GIVEN MATERIAL:
------

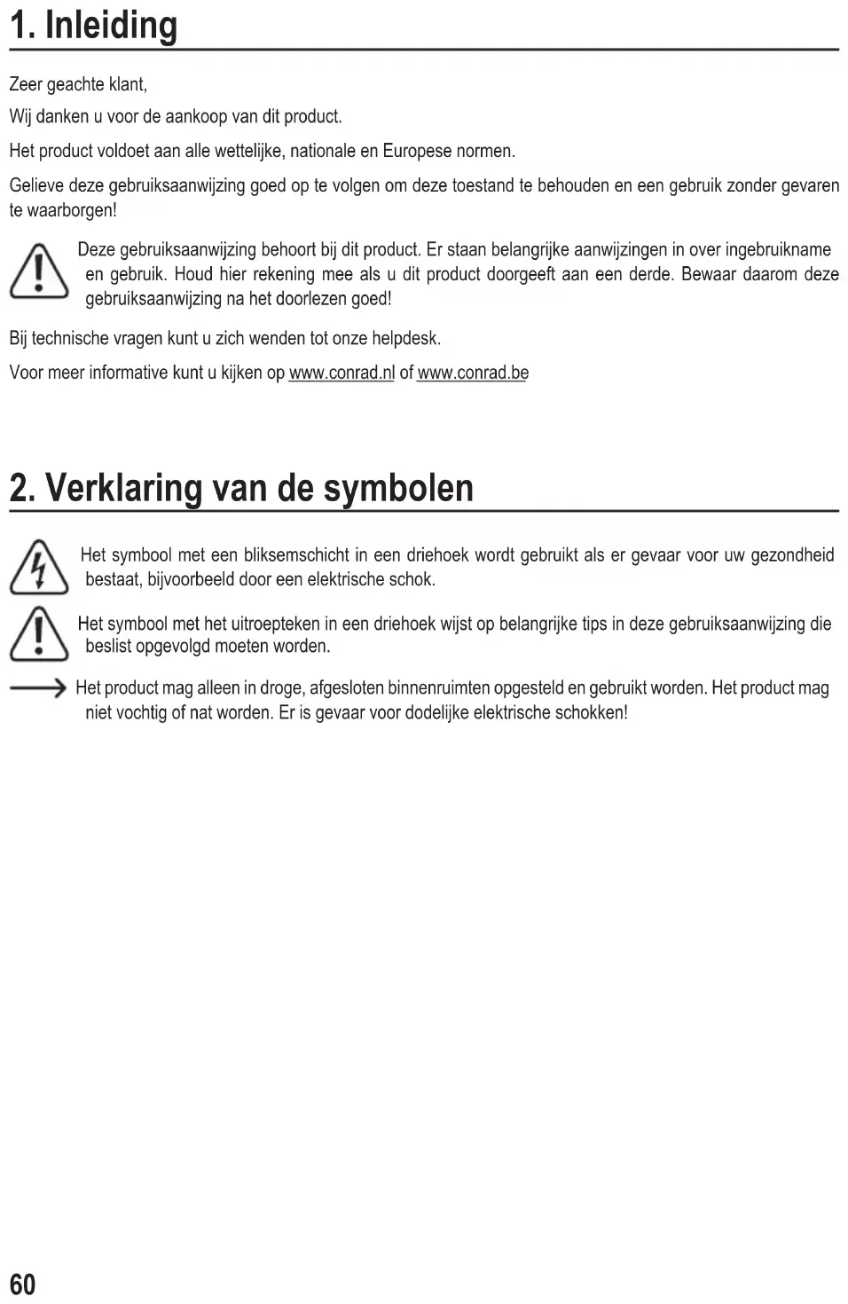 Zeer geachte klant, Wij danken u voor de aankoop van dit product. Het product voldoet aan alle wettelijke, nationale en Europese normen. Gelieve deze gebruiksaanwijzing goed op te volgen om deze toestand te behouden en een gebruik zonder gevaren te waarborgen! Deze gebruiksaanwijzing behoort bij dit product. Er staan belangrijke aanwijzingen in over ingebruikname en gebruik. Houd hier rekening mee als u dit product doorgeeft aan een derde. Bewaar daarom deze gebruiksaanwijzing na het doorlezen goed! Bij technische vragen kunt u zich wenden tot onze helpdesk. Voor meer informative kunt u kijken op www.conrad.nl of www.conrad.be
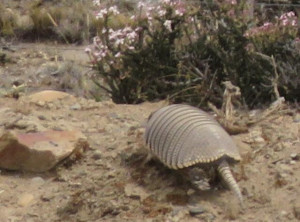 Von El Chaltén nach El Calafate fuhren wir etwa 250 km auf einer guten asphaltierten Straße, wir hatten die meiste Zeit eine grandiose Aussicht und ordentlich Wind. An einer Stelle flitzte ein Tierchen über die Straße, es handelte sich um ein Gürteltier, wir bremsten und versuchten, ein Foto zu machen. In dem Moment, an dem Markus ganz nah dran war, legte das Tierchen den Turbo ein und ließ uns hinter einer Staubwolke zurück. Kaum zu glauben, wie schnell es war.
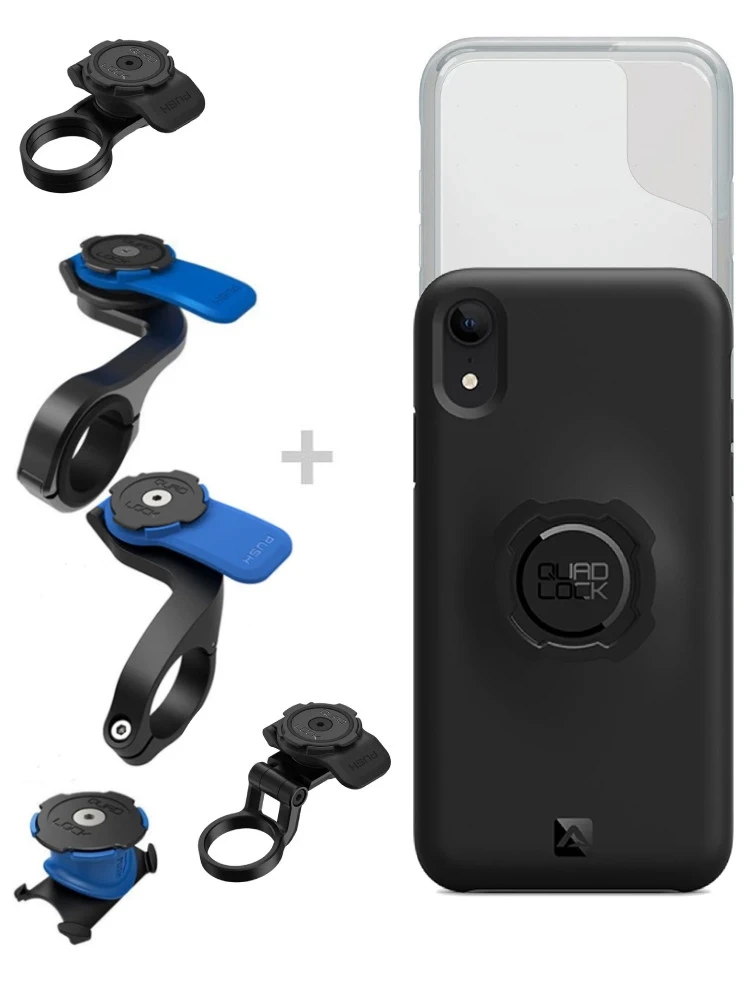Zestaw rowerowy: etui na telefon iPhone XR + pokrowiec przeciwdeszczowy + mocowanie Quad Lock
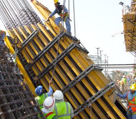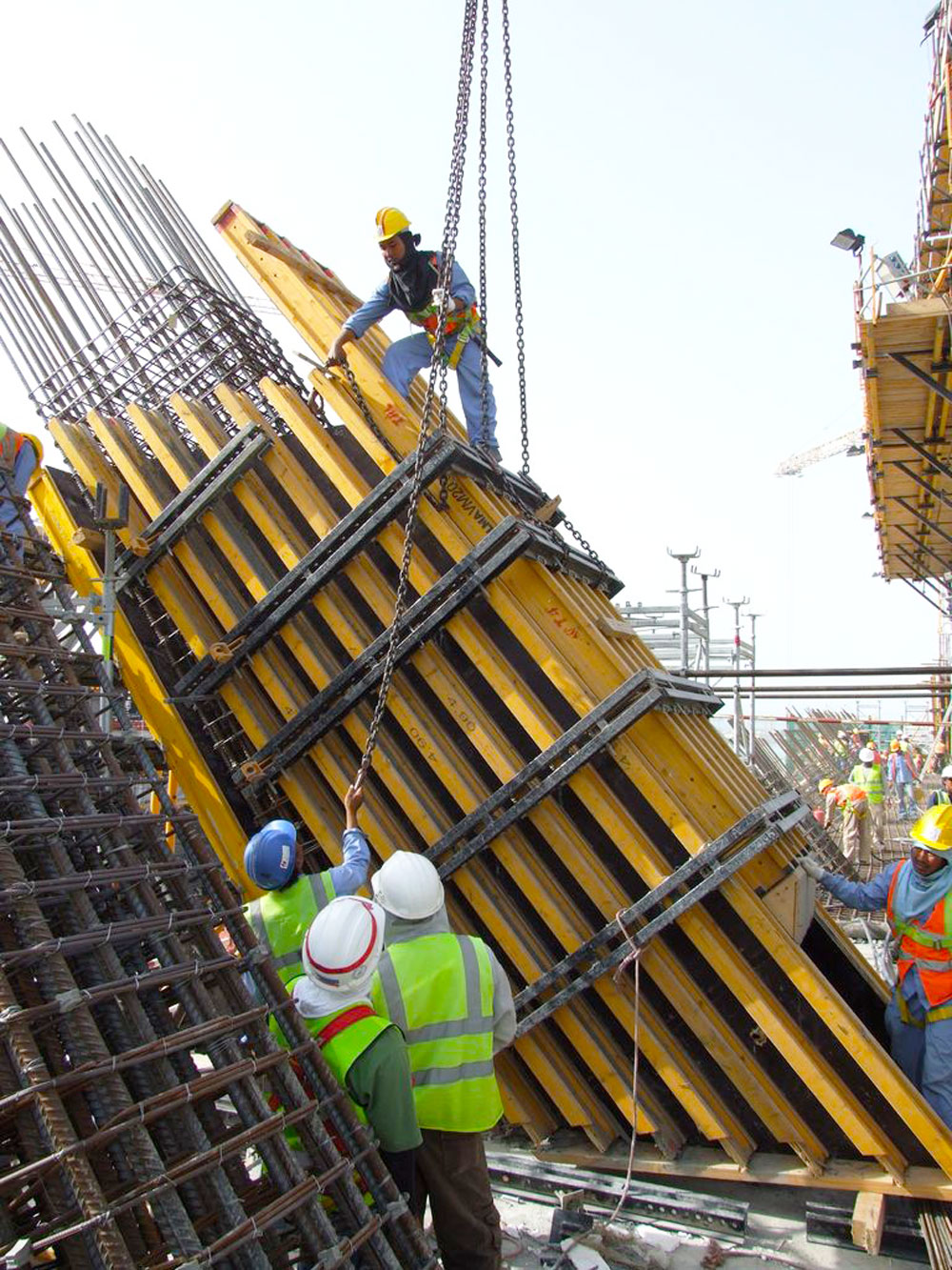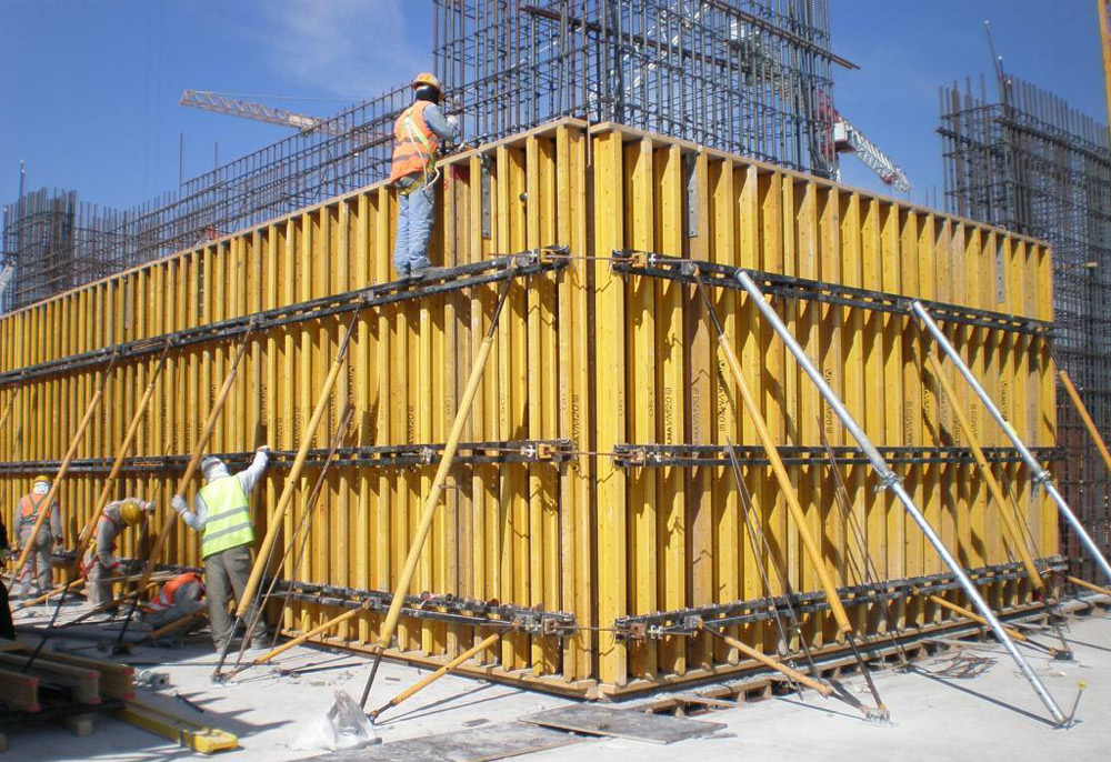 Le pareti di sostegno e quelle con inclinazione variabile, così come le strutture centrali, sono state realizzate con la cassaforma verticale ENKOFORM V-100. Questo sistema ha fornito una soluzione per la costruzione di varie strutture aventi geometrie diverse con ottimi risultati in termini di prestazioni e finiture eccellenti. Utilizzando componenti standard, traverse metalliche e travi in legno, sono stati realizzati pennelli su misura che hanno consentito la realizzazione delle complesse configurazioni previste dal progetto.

------

ACTIVITY: The copy must match every line of the data exactly and contain no pictures.

SOLUTION TO THIS PROBLEM:
 Zeer geachte klant, Wij danken u voor de aankoop van dit product. Het product voldoet aan alle wettelijke, nationale en Europese normen. Gelieve deze gebruiksaanwijzing goed op te volgen om deze toestand te behouden en een gebruik zonder gevaren te waarborgen! Deze gebruiksaanwijzing behoort bij dit product. Er staan belangrijke aanwijzingen in over ingebruikname en gebruik. Houd hier rekening mee als u dit product doorgeeft aan een derde. Bewaar daarom deze gebruiksaanwijzing na het doorlezen goed! Bij technische vragen kunt u zich wenden tot onze helpdesk. Voor meer informative kunt u kijken op www.conrad.nl of www.conrad.be
 Von El Chaltén nach El Calafate fuhren wir etwa 250 km auf einer guten asphaltierten Straße, wir hatten die meiste Zeit eine grandiose Aussicht und ordentlich Wind. An einer Stelle flitzte ein Tierchen über die Straße, es handelte sich um ein Gürteltier, wir bremsten und versuchten, ein Foto zu machen. In dem Moment, an dem Markus ganz nah dran war, legte das Tierchen den Turbo ein und ließ uns hinter einer Staubwolke zurück. Kaum zu glauben, wie schnell es war.
Zestaw rowerowy: etui na telefon iPhone XR + pokrowiec przeciwdeszczowy + mocowanie Quad Lock
 Le pareti di sostegno e quelle con inclinazione variabile, così come le strutture centrali, sono state realizzate con la cassaforma verticale ENKOFORM V-100. Questo sistema ha fornito una soluzione per la costruzione di varie strutture aventi geometrie diverse con ottimi risultati in termini di prestazioni e finiture eccellenti. Utilizzando componenti standard, traverse metalliche e travi in legno, sono stati realizzati pennelli su misura che hanno consentito la realizzazione delle complesse configurazioni previste dal progetto.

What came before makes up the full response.